We’ve still got plenty of time left before all aboard, so we go wander around town, which isn’t all that interesting.  Lots of shops, restaurants, etc.  We do decide to have an afternoon beverage and settle into a cute little café called La Venta de Souza for a vino blanco and the cana with pincho special. Perfect afternoon snack of Boquerones (which are surprisingly good anchovies) and beer and wine.  Can’t ask for more.

Next we hit the ATM, then head to the mall for grocery provisions, hitting the HiperDino supermarket where every crew member from the other 2 monster ships (MSC, Aida) docked here are shopping.  Oh, the carts.  Priceless!  We buy entirely too much crap, but hey, we’re stocked up for our “crossing” and beyond, so don’t really need to shop more.  Which is probably a good thing considering we don’t really know what we could possibly buy in Senegal or The Gambia!  But we’ll soon see.

Back aboard, we start our normal routine – gym (trying to ignore the incessant annoyance of the raffle giveaway), pool bar where the sail away celebration is going on (so at least we get to see Roel and Dejana), then to Discoveries bar before dinner where we finally meet Mae, Roel’s wife, who works the bar there.  Then back to table 4 where we have a new waiter, Datu, but still the lovable Gilzin as our assistant waiter.  Later we hit the Living Room for a private performance by Back on Traxx, the great Filipino band.  Seriously, we are the only 2 people up there for quite some time!  So much so that the band’s lead singer comes over to chat with us, asking our names, what bands we like, etc.  A tale of 2 cruises!  That’s for sure.
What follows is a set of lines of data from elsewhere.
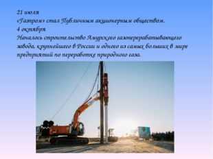 Описание слайда:21 июля «Газпром» стал Публичным акционерным обществом. 4 октября Началось строительство Амурского газоперерабатывающего завода, крупнейшего в России и одного из самых больших в мире предприятий по переработке природного газа.
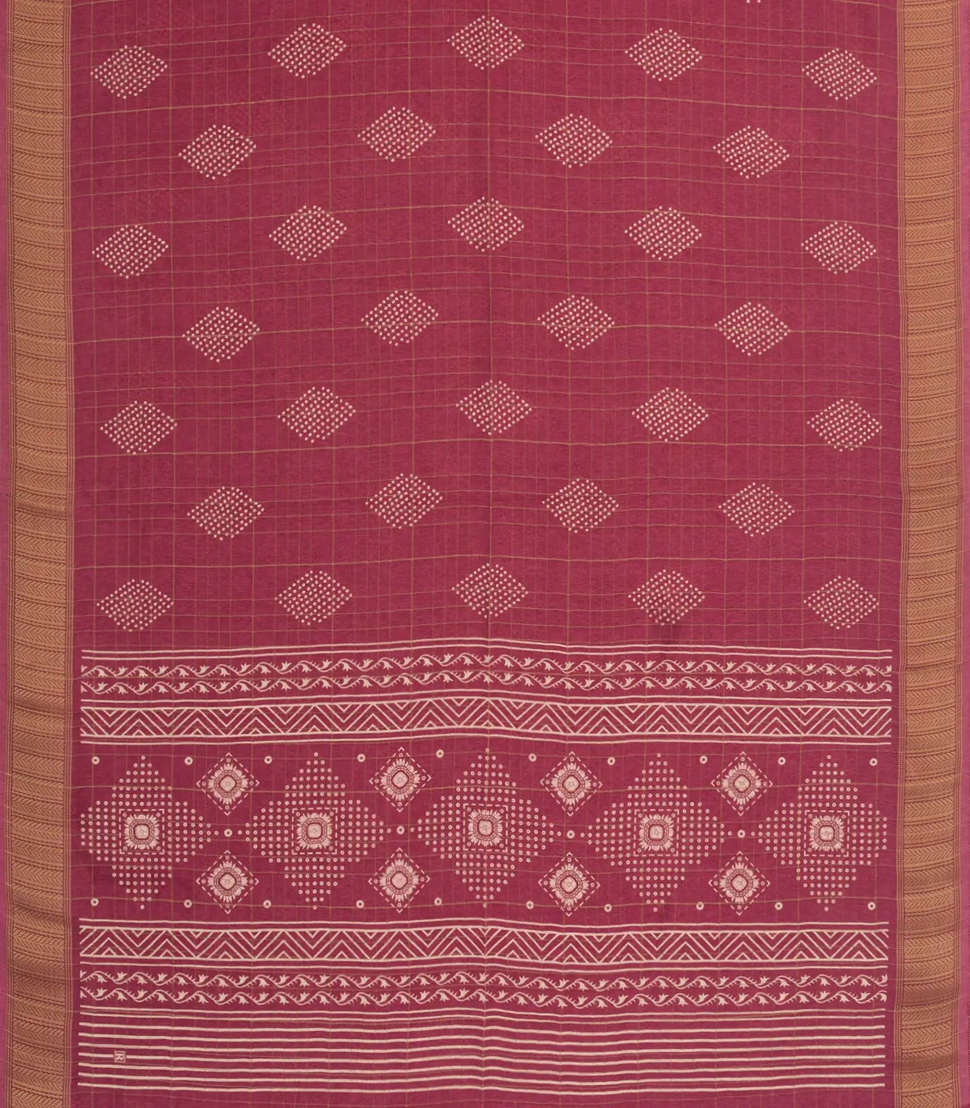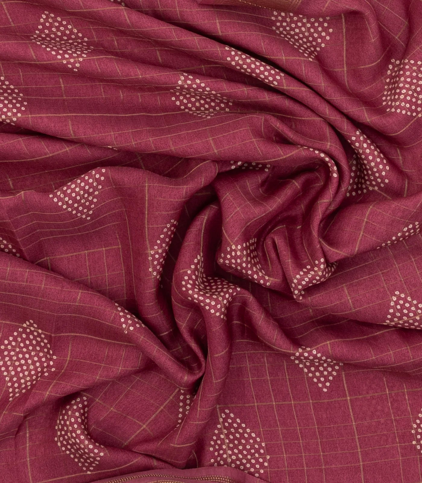 This woven blended synthetic chiffon silk saree is filled with printed diamond motifs in dusty pink body along with border and pallu
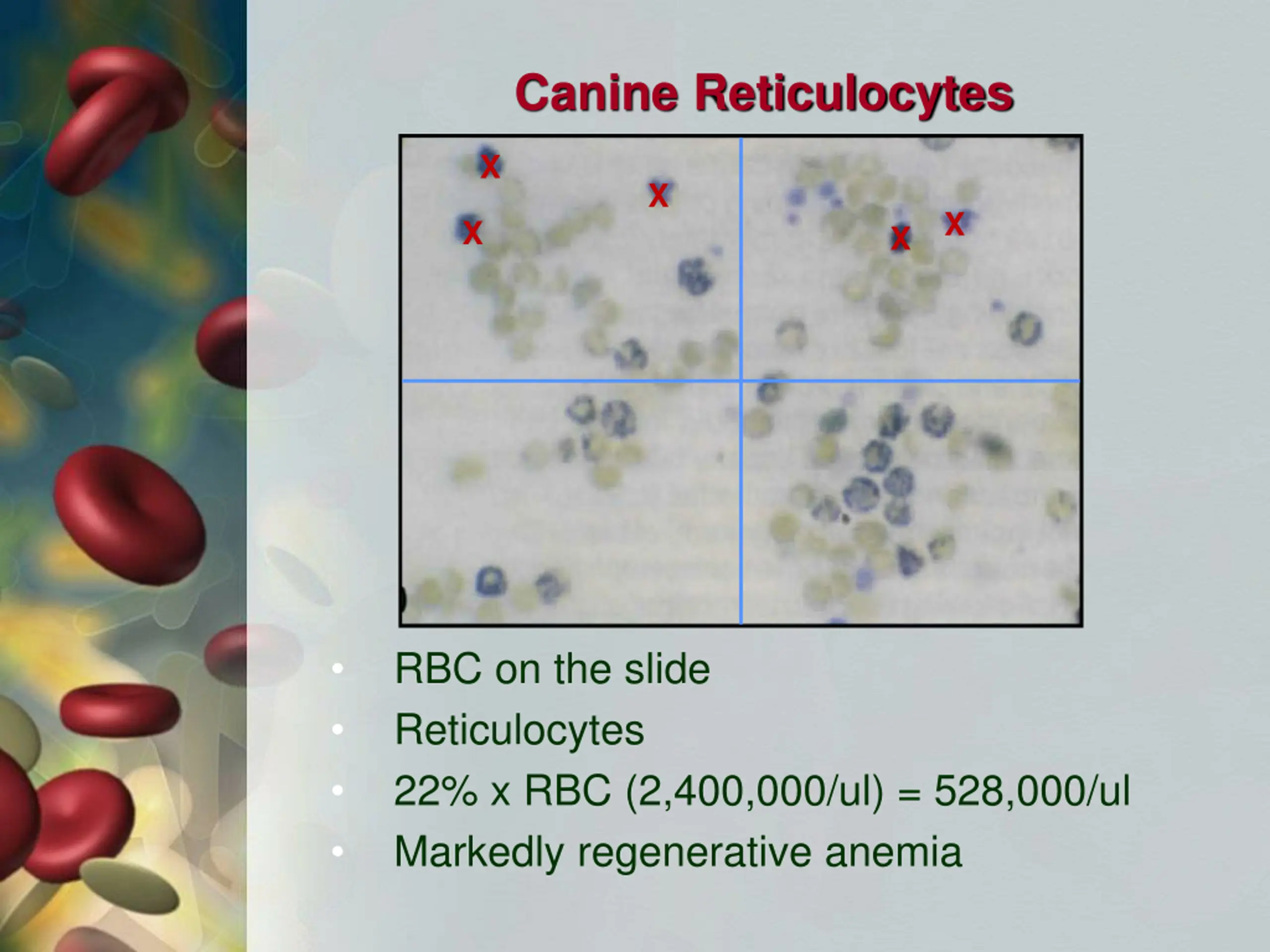 Canine Reticulocytes X X X X X RBC on the slide = 24 + 14 + 30 + 22 = 90 Reticulocytes = 20 20/90 = 22% 22% x RBC (2,400,000/ul) = 528,000/ul Markedly regenerative anemia
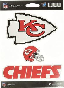 NFL Rico Industries Die Cut 3-Piece Triple Spirit Sticker Sheet, Kansas City Chiefs Team Color, 5 x 7-inches
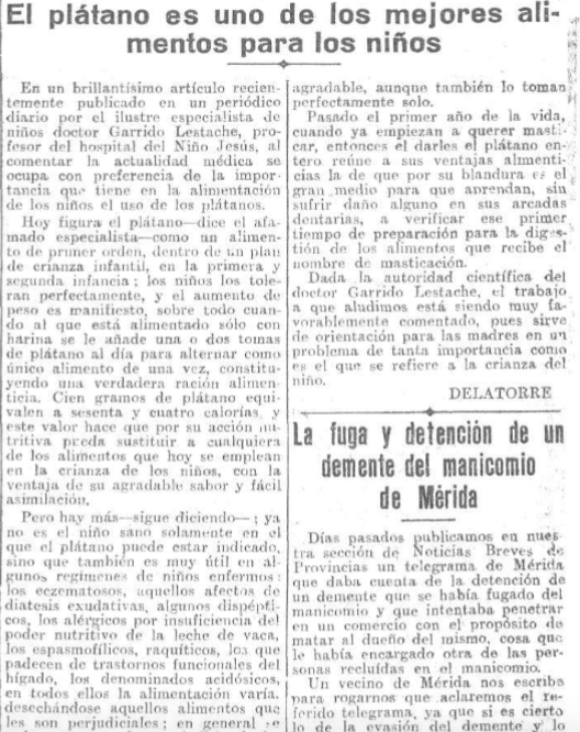 Por su parte un colaborador de Heraldo de Madrid resumió un trabajo del pediatra infantil #JuanGarridoLestache que exponía la importancia de incluir el consumo del plátano en la dieta de los niños.
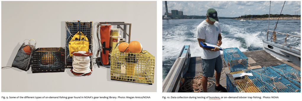 Fishers who wish to take advantage of fishing permit exemptions and reduce harm to marine life can explore the new technology at no cost by borrowing gear from NOAA’s “lending library” of ropeless systems. This allows them to become familiar with the different options by testing them in real life situations and to provide feedback that helps in the development of the new technology. This library houses hundreds of different ropeless fishing systems that have been donated by the government as well as environmental organizations. As seen in the photo below, alternative gear includes pop-up buoys, inflatable lift bags and buoyant spools that bring the traps to the surface and further details may be seen here.
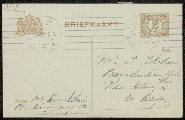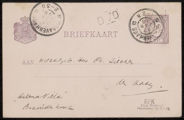 Curator: This is a postcard, “Briefkaart aan Philip Zilcken,” likely from 1909, penned by Willem Byvanck using ink on paper. Its monochrome aesthetic and the style of calligraphy certainly give it an old-world feel, doesn't it? Editor: Yes, it feels very personal, almost like eavesdropping on a private conversation. How do you interpret the significance of a seemingly mundane item like a postcard being preserved as art? Curator: Precisely. It challenges our notions of what constitutes art and who has access to it. We need to consider the context of early 20th century correspondence. Whose voices were being heard? How did power dynamics influence these interactions? How might this reflect the experiences of individuals excluded from the dominant narrative, perhaps marginalized communities or those whose stories are often erased? What does the seemingly innocuous handwriting tell us? Editor: That’s interesting. I hadn’t considered how something so ordinary could be a window into social structures. The fact that it's a personal message makes me wonder about the relationship between Byvanck and Zilcken. Curator: Absolutely. Examining the power dynamics implicit in the correspondence - their relative social positions, gender, even handwriting styles - offers insights into the hidden biases and unspoken rules governing their interactions. Think about who has the privilege of having their personal effects archived and displayed. What other narratives might be lost simply because they lack the means to preserve their own history? Does it reveal the inner anxieties in pre-war Europe? Editor: So, by analyzing this postcard, we can potentially uncover layers of social and political meaning beyond just the message itself? Curator: Exactly. We use objects like these to open dialogues about inclusivity, representation, and whose stories are told. What seemed mundane transforms into a potent vehicle for social commentary. It serves as a tool for critical reflection. Editor: This gives me a totally new perspective on looking at everyday objects as potential carriers of history and social commentary. Thank you! Curator: My pleasure! Now you can't unsee these hidden stories!

Putu is up here as bartender now, Dan is still here too, which is nice.  The band strikes up and Mavia says she has her first request of the evening for Adele from Cathy and David.  David?  Have no idea how she converted Ed into David, but now David it is!  We are cracking up, but don’t dare tell her yet.  Finally, a few more people arrive, so it isn’t just a private concert – doubt there will be anymore 2am nights up here!  Much to Dan and Putu’s joy, that we can tell you!

The band’s done with their first set, we head back to the cabin and all’s right with our world tonight!  Tomorrow?  We check out the new passengers and see what a sea day will bring!